Lassiter drove to Spencer's house without calling first, making the assumption that Henry would be home, rather than out getting sunburned on his boat, or imparting in other mundane chores of retired life. He did so to leave himself the chance to change his mind, to walk off of Spencer's property with nothing—without even having to ask, or worse yet, being rejected. Lassiter knew he could deal with barbs and taunts, suspecting Henry would have plenty when he discovered the real reason for Lassiter's uninvited visit. But if Spencer said no, or flat out refused to even have a discussion; again, Lassiter's steeled stomach twisted. At this point, he was willing to give up valuable and desired hours at the range as long as he didn't have to make this errand.
Carlton sighed. He got out of his car.
On his way up the driveway, Lassiter briefly considered what Henry would make of his unannounced arrival. He hoped, because he was alone, that Henry wouldn't jump to conclusions, thinking that something had happened to his son. He squinted, considering the implications, wondering, if such a time came to pass if Vick herself wouldn't personally be the one to call—who would insist on making the notification herself. Lassiter wondered if Henry had considered this as well; he'd caught the man working outside, squinting down the driveway as Carlton made his way. Carlton hoped Henry wouldn't mistake his slow, measured steps as a sign of personal bad news. Henry stopped, staring, waiting for Lassiter to speak. Lassiter felt sheepish then. He scrambled for one of the many practiced openers he'd had for this meeting.
Henry glared at him, but relaxed the minute tension that had crossed his face and widened, slightly, his eyes.

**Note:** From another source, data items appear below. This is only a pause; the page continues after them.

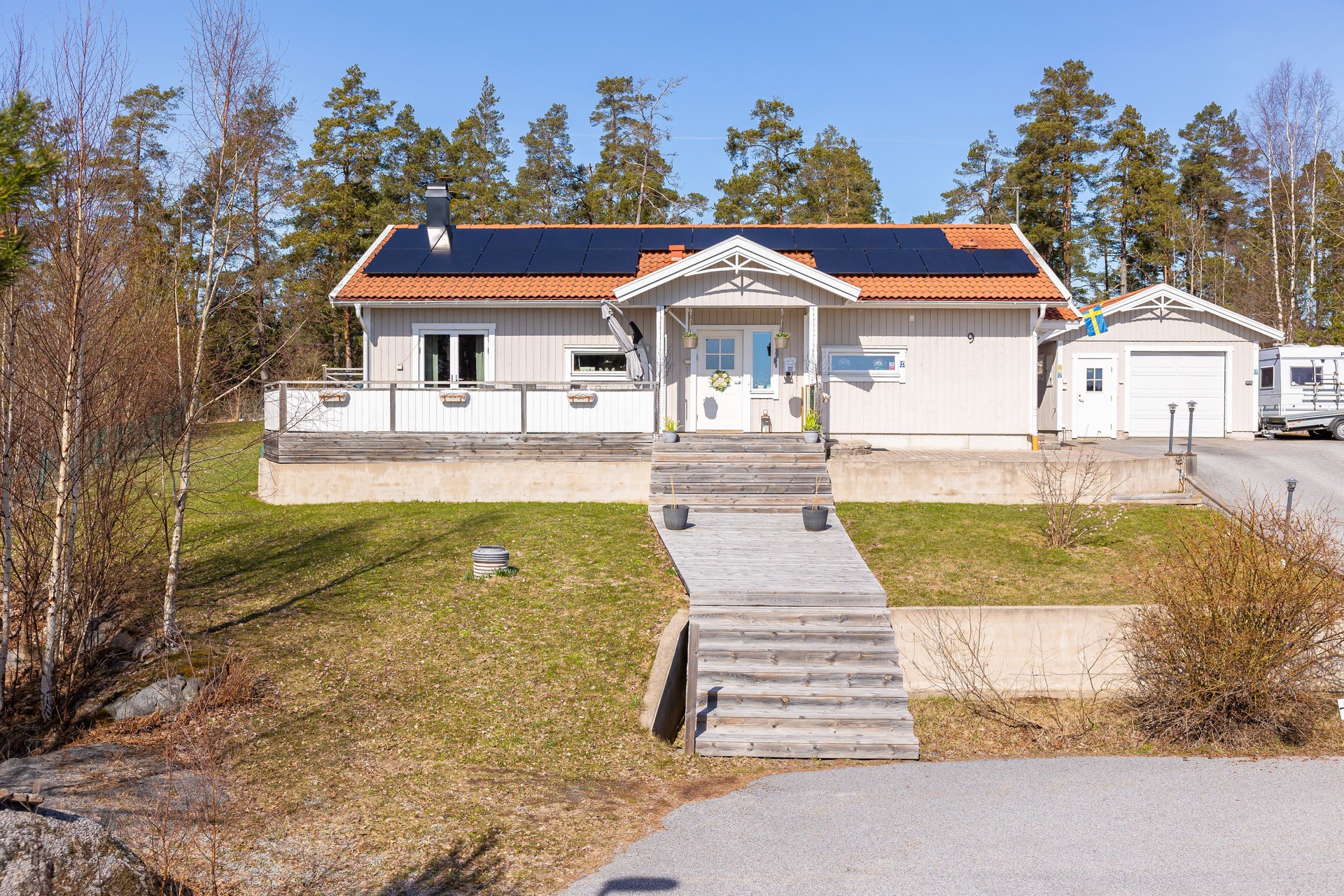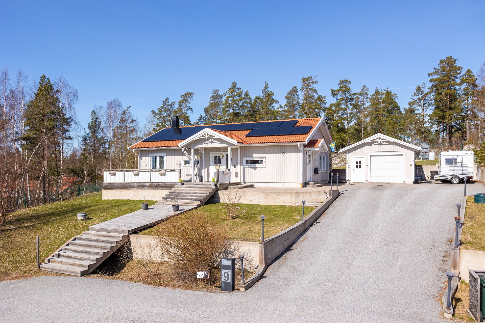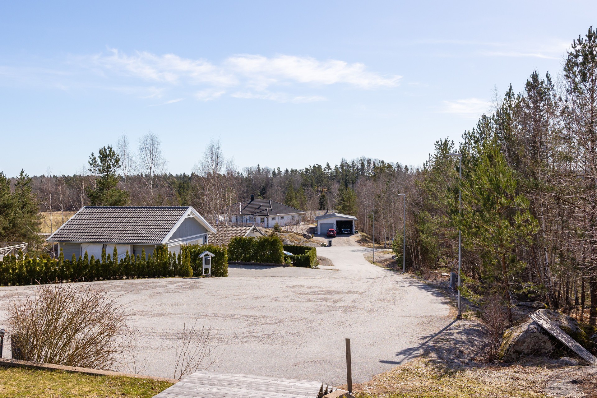På asfalterad uppfart för 2-4 bilar, bredvid garage finns plats för husbil/båt. I garage finns plats för 1 bil.Bredband
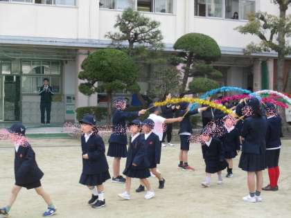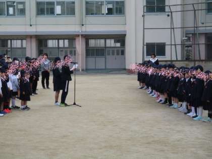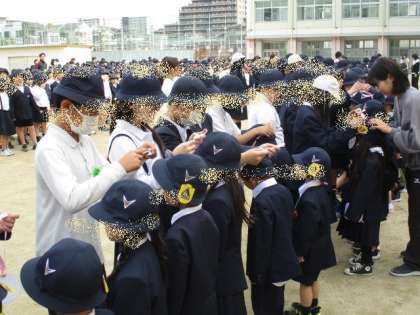 アーチをくぐる1年生を大きな拍手で迎えました。1年生はちょっと緊張している面持ちでした。大きなメダルを6年生から受け取ってうれしかったでしょうね。
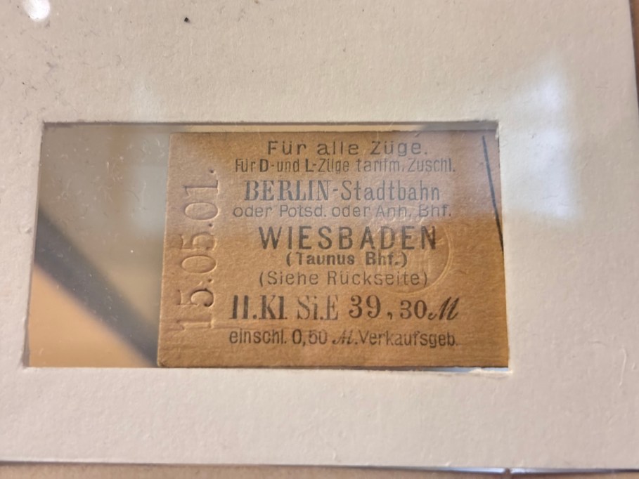 Train ticket in 2nd class, from Berlin to Wiesbaden, on 15 May 1901.
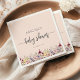 En vacker vattenfärgsfärgad blommigt gräns av vilda blommor dekorerar grund kant i det här trendiget boho babyduschnapkin. Orden "babydusch" visas i skriptteckensnitt, med dekorationer före och efter skriptet. Anpassa texten med namn i den serif-text som ska finnas i serif och datumet i sans serif charcol grått text på rosa.

He could read Lassiter's hesitation, though it was new to him, but realized quickly that Lassiter's presence hadn't a thing to do with some jackassery of his son. No one had been impaled, or shot, or spirited off by bears. That Lassiter knew of, Henry thought. It was an odd sight, to see the gruff, usually growling Head Detective shuffle his feet, then pull the skin of his face tight against his bones. Whatever he was trying to spit out looked like it might be about to kill him, so it couldn't possibly be about Shawn. And there was no apology in his eyes, or determined setting of his mouth.

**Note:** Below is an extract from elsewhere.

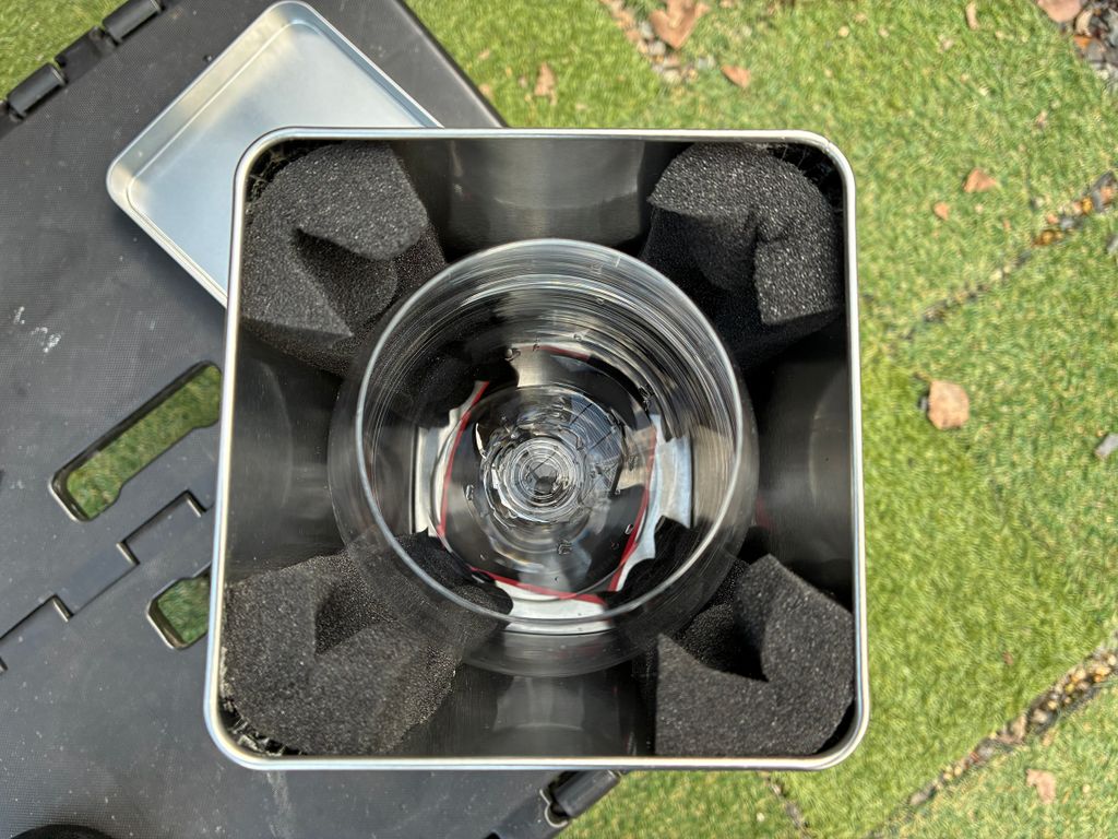 このようなリーデルの箱に入っています。そこで、すぐに友人に尋ねてみると・・・なんとこのケースは自分で作ったとの答えが(笑)!どうやら、リサイクルショップで買ったリーデルグラスは箱無しだったそう。そこで、箱がないなら作れば良い、って思ったんだそうです(さすがはDIYの友人(笑))。材料は100円ショップで売られていた缶と緩衝材を使用したそうですが、これが・・・
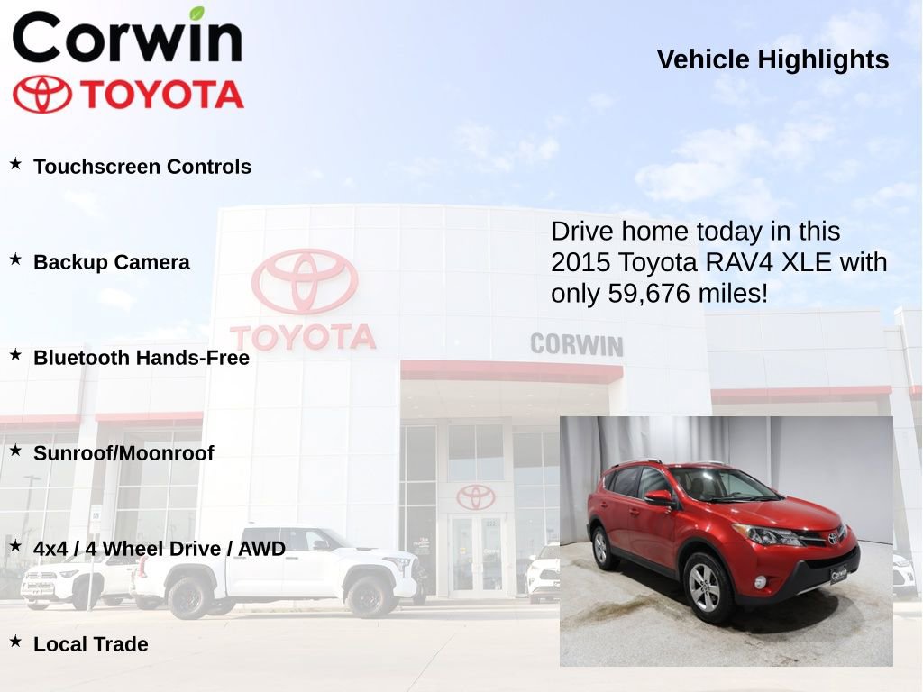 This Toyota RAV4 is well equipped and includes the following features and benefits, Touchscreen Controls, Backup Camera, Bluetooth Hands-Free, Sunroof/Moonroof, 4x4 / 4 Wheel Drive / AWD, Local Trade. Odometer is 65317 miles below market average! 22/29 City/Highway MPG

In fact, Lassiter seemed ready to bolt at any second. But there had to be a good reason that he was here. "Henry, glad I caught you," he spoke, an awkward smile on his lips.
Henry repressed a smile of his own, because the detective's words belied anything willing—his body language professed a great suffering. He wiped sweat off his forehead with the back of his hand. Lassiter looked hard pressed to form actual words following his false greeting. Slightly annoyed, Henry cleared his throat. His mind had been on planting new shrubs around the front of his house, and tending to his small garden's pest problem, but now he found himself curious at to just what could make Santa Barbara's Head Detective struggle with speaking.

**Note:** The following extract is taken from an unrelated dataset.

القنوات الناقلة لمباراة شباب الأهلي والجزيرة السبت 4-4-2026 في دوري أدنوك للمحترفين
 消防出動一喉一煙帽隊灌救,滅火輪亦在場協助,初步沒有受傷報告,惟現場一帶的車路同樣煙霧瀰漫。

"Something I can do for you, Carlton?" Henry asked finally after too long a silence. He raised an eyebrow. "Am I wanted for questioning?"
Lassiter shuffled closer, shaking his head. "No, I'm not here on behalf of the SBPD."
It didn't escape Henry that his teasing had failed to miff Lassiter's paranoia at all. He'd figured Lassiter would jump all over that, demanding to know what crime Henry may have committed—or thought he committed—that would require a "voluntary" trip to the station. He decided to try another tactic. "Then why are you here?" he barked. Lassiter stopped dead, just a few feet from him. He looked . . . defeated.
"I . . ." Lassiter jumbled some words together under his breath, but finally looked Henry in the eyes. Ready to take his medicine. "I need your help."